Harris doesn’t have an infestation in the trees on her property, but said if she did, she’d let them be.
“There’s no good remedy. You cannot spray the forest. There are people that will put traps up and use sticky bands. That helps to a certain extent because the caterpillars do make a lot of trips up and down the trunks of the trees and if they get stuck, obviously they’re going to die there for lack of food.”
Harris said she prefers more of a reactive method of eradicating them.
“I used to do arborist work,” she said. “One of treatments I used to use is to inject pesticides directly into the cambium of the tree (the growing part of the trunk) so I’d be crawling around under a tree on my hands and knees drilling into trees and I wore plastic helmet. I really didn’t want to go home with either caterpillars or caterpillar poop in my hair,” Harris said, with a good-natured laugh.

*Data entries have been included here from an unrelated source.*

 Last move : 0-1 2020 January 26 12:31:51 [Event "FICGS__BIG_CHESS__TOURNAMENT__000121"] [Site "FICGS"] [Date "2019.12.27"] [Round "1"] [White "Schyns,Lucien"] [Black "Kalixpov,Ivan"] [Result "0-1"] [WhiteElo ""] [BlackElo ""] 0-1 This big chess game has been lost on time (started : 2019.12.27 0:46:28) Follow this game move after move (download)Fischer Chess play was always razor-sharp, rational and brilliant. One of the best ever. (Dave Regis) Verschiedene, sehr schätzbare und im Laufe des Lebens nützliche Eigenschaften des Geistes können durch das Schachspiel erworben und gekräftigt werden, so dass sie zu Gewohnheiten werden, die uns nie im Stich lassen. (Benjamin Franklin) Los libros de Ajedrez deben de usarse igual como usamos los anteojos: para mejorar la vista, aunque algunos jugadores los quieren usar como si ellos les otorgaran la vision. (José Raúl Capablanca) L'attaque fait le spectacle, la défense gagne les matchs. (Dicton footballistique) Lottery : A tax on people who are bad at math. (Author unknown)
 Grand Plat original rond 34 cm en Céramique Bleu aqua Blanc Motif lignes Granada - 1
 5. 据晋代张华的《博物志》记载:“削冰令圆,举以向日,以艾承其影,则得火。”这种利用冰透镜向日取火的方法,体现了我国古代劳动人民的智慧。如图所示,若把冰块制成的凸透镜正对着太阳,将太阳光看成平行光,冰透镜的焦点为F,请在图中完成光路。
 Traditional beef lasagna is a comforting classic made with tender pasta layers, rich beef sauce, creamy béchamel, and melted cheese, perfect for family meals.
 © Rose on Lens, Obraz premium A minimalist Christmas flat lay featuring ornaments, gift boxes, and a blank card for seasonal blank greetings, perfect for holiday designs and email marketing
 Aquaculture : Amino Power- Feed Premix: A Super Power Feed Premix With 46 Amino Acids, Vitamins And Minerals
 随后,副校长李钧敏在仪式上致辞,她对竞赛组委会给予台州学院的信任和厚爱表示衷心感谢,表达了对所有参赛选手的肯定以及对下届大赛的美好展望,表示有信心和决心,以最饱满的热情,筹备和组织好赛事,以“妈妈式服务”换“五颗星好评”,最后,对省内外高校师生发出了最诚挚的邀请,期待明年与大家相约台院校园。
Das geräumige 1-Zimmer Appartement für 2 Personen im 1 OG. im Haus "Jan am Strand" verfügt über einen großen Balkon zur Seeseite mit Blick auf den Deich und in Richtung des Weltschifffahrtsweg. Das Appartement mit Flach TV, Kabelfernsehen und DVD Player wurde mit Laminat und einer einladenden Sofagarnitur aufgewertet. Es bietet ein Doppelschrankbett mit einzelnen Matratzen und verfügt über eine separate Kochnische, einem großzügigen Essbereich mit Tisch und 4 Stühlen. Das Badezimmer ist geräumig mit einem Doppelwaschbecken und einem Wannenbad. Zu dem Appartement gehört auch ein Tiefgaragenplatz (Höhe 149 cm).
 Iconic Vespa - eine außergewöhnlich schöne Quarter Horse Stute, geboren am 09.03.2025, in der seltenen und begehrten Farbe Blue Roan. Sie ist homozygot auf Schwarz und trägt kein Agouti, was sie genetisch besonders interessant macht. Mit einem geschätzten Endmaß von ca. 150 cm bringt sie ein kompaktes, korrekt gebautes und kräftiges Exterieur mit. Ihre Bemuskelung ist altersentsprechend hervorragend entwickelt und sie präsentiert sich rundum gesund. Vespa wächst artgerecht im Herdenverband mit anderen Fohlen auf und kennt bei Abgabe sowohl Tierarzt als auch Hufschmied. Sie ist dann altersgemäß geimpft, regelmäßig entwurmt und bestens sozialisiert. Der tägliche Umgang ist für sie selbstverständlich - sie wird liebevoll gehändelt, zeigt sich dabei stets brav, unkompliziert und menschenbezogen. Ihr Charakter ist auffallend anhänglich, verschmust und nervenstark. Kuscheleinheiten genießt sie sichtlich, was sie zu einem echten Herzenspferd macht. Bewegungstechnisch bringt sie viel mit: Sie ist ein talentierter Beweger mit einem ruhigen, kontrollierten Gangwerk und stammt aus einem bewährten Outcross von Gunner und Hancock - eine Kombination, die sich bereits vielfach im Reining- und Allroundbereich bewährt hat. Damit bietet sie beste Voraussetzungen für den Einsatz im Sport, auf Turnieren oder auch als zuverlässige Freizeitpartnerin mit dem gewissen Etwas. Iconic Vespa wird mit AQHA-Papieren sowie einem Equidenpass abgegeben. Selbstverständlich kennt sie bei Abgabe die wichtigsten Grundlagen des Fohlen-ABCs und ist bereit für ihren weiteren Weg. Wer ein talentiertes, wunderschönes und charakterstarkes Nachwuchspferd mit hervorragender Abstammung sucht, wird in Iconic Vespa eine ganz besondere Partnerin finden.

The fungus, or other controls like a virus that can spread through the gypsy moths, will actually curb next year’s population, Donnelly said.
The fate of trees that are defoliated, however, is less certain.
“Ideally, we’d like to say the trees will recover,” he said, “they can tolerate one or two defoliations — kind of shrug it off — but one of the reasons we’re in this predicament with gypsy moths is it’s been so dry. We’re hopeful that the trees will be able to overcome an even higher obstacle — the defoliation from moths and dehydration from the drought,” Donnelly said.
“It’s not the gypsy moths usually that kills the tree, it’s secondary pathogens that come in and take advantage of a tree that’s been stressed.”